Banks seen unlikely to match RBI’s rate cut any time soon

Banks seen unlikely to match RBI’s rate cut any time soon

Mumbai, Feb 8: Bankers say piles of bad debt and the high cost of deposits mean they are unlikely to reduce interest rates on loans by as much as the central bank cut its key lending rate in a bid to spur growth.
The reluctance of bankers to pass on all of Thursday’s surprising 25 basis point rate cut is a potential blow to Prime Minister Narendra Modi’s government, which hopes lower lending rates will lift growth and job creation ahead of general elections due by May.
Making more credit available more cheaply is vital for Modi, who wants to please businesses, farmers and individual borrowers.
Four senior public and private sector bankers told Reuters on Friday that they might only cut lending rates by 5-10 basis points. A move of that size would have a negligible impact in boosting credit, or in reducing refinancing costs.

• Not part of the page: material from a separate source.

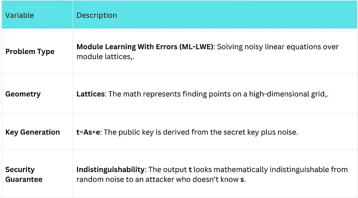 Why this formula matters: In standard algebra, if you knew A and t, you could easily solve for s using Gaussian elimination. However, because the small error term e is added, the equation becomes “noisy.” Solving for s becomes computationally infeasible for both classical and quantum computers because the noise masks the exact location of the solution on the lattice grid .

“If there is a lot of (government) pressure, then I may cut by a notional 5-10 basis points,” said the head of a big state-run bank who asked for anonymity due to sensitivity of the subject.

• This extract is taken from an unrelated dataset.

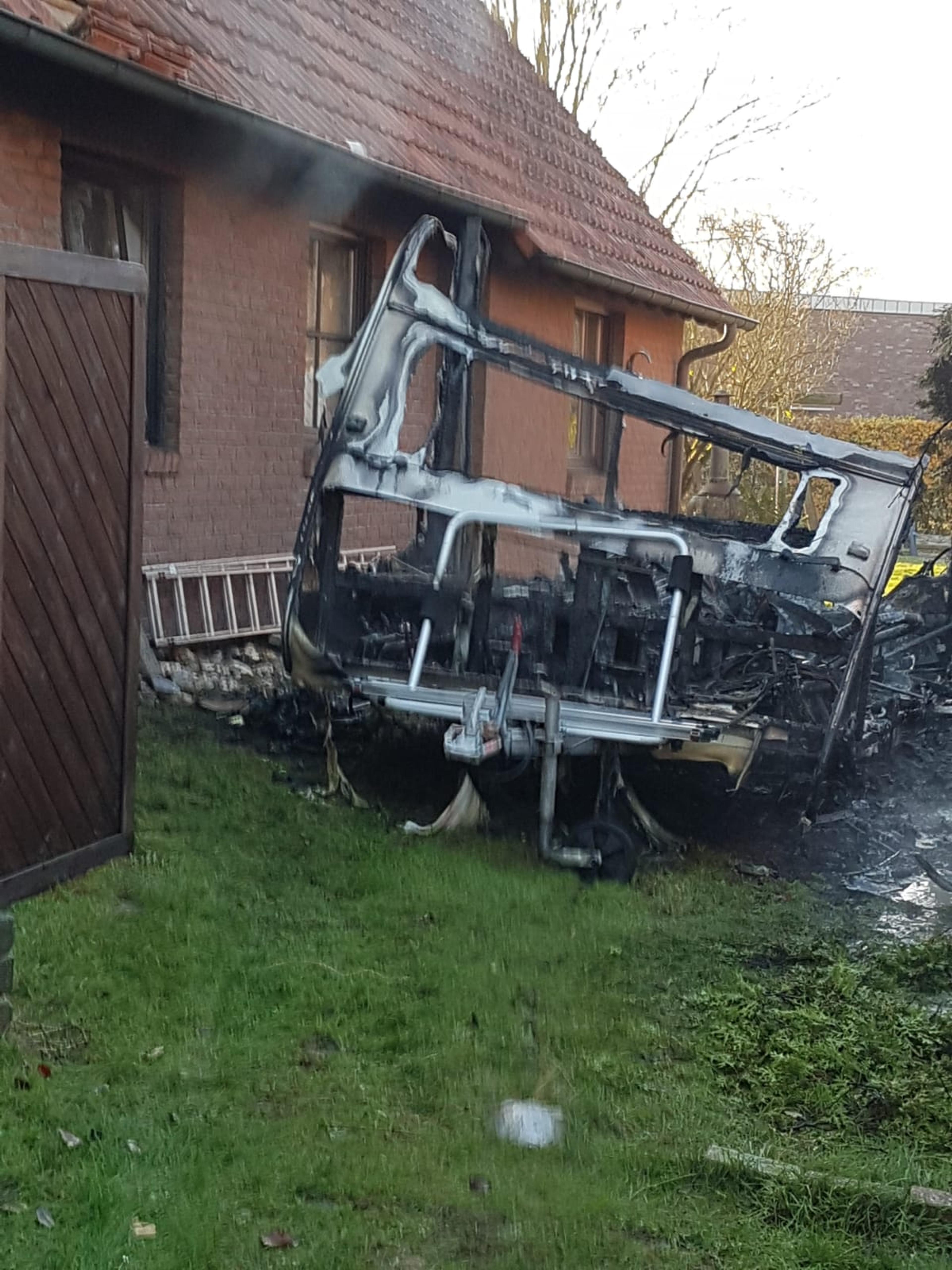 Ausgelöst durch Abflämmen von Unkraut mit einem Gasbrenner kam es heute (15.11.2018) zu einer unklaren Rauchentwicklung an der Lindenstraße in Hau. Aus Unachtsamkeit war dabei das Feuer auf eine Tujahecke übergeschlagen. Dadurch geriet auch ein in unmittelbarer Nähe abgestellter Wohnwagen in Brand. Er wurde vollständig zerstört. Durch die starke Rauch- und Hitzeentwicklung wurden auch Teile des Nachbarhauses beschädigt. Hier kam zu einem Zimmerbrand und Beschädigungen an der Fassade, Türen und Fenstern.

“That may have a psychological impact on corporates but will not really help in boosting credit growth or lowering borrowing costs.”
For Modi and new Reserve Bank of India (RBI) governor Shaktikanta Das, who is keen to boost private investments by lowering rates, this poses a problem.
Economic growth has slowed, with private investments slumping and consumption gains muted. Annual industrial output growth in November rose 4.1 per cent, down from October’s 8.4 per cent.
For the banks – often stuck with bad loans and heavy provisioning – any cut in loan rates is unlikely without a corresponding fall in deposit rates, which will require cash conditions to improve significantly, say bankers.
And banks are reluctant to cut deposit rates in the fiscal year’s last quarter, as they are keen to shore up their books while not losing hefty deposits.
Banks price their benchmark loan rates, known as the marginal cost of funds based lending rate (MCLR), mainly based on the cost of deposits.
“MCLR might not come down significantly very soon as any meaningful change will depend on cost of funds,” said Parthasarathi Mukherjee, managing director and chief executive officer of private lender Lakshmi Vilas Bank.
Unless banking system liquidity rises, he said, “we are not seeing any substantial fall in lending rates across the board any time soon.”